路静的视线落在假阳具上,心脏猛地一缩,恐惧像冰水一样灌入她的全身。
“这是你的祭台,路小姐。”戴面具的男人慢条斯理地说,语气中带着一丝病态的兴奋,“今天,你将完成我们的破处仪式,成为天鹭会所的…一部分。”
路静咬紧牙关,强压住喉咙里的尖叫。“你们这些变态…我不会让你们得逞!”她的声音因恐惧而颤抖,但她试图用愤怒掩盖内心的绝望。
黑衣人们哄笑起来,笑声在山洞中回荡,像一把把刀子刺入路静的耳膜。他们没有理会她的反抗,粗暴地将她推到柱子旁,开始准备捆绑。
黑衣人解开路静身上原有的绳索,但她的挣扎软弱无力,催情药的热流依然在体内肆虐,让她的身体敏感而无力。
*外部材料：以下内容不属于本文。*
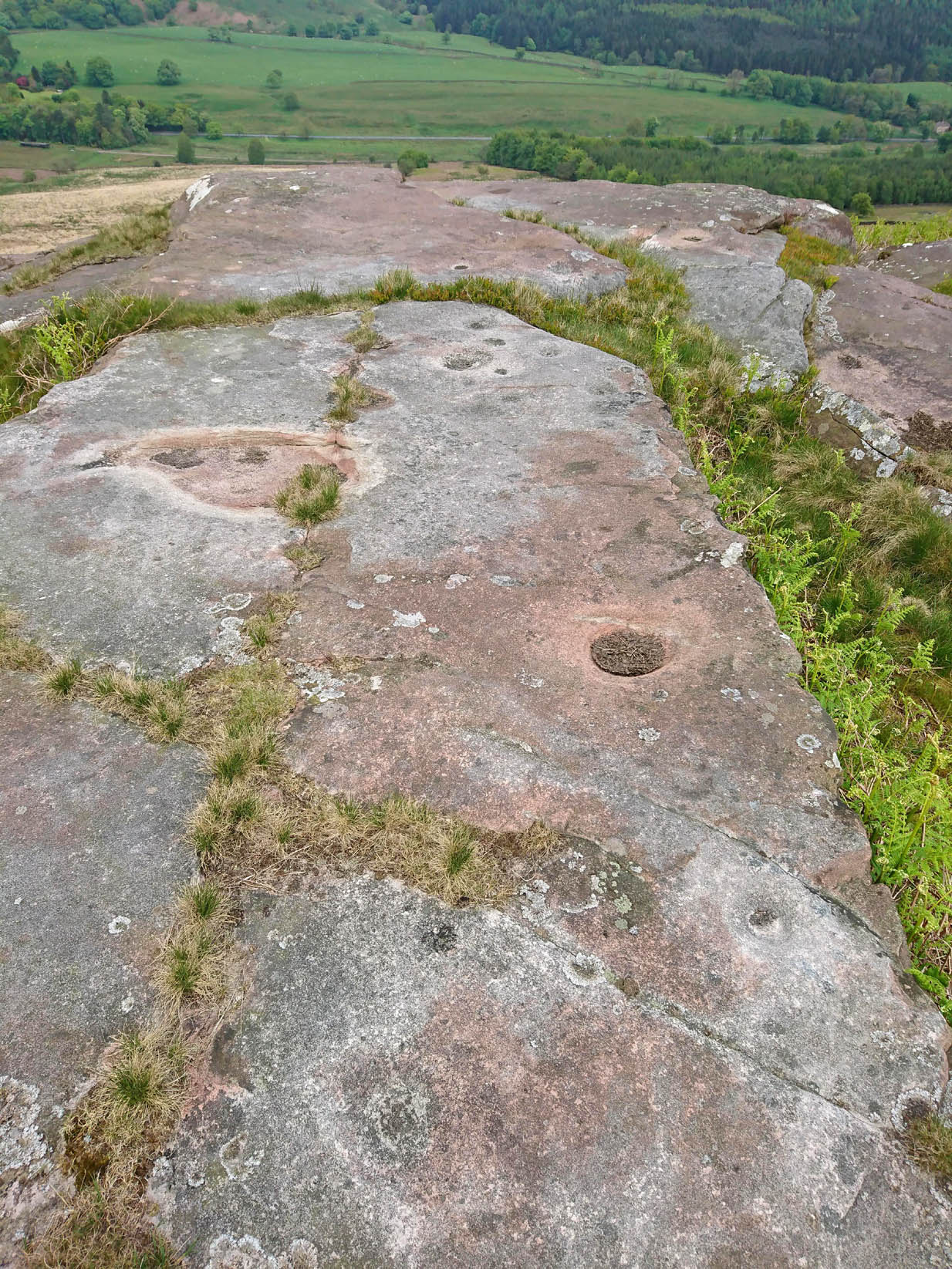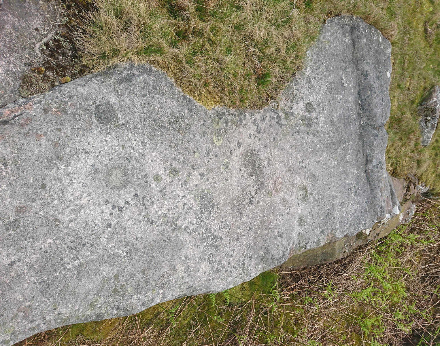Nowt special to look at, this is merely an elongated earthfast female stone that will be hard to find when the reeds grow high. The design consists of at least three cup-marks, with the most prominent one near the middle of the stone. A second one is shallow and on its northern side, near the middle; whilst the third one on its southern side was uncovered when we peeled back the vegetation; the peck marks are still visible. In the photo to the left I’ve placed numbers below the position of the respective cup-marks. In a cursory meander here, we found no other carvings – but that doesn’t mean there aren’t any!
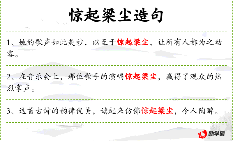 3. 【惊起梁尘】 形容歌声高妙动人。

他们拿出一捆新的麻绳,绳子粗糙而坚韧,带着一股淡淡的麻油味。
路静被按在柱子旁,双手被迫反绑在背后,黑衣人以熟练的手法开始五花大绑。
绳子先从她的肩膀绕过,交叉在胸前,紧紧勒住她的胸部,迫使她的身体向前挺起。
接着,绳子绕过她的手臂,从手腕到肘部缠绕数圈,每一圈都勒得她骨头作痛。
绳结被特意打在她的脊椎处,每一次轻微的动作都会让绳子摩擦她的皮肤,带来刺痛和羞耻的刺激。
她的手腕被拉得极紧,几乎失去知觉,血...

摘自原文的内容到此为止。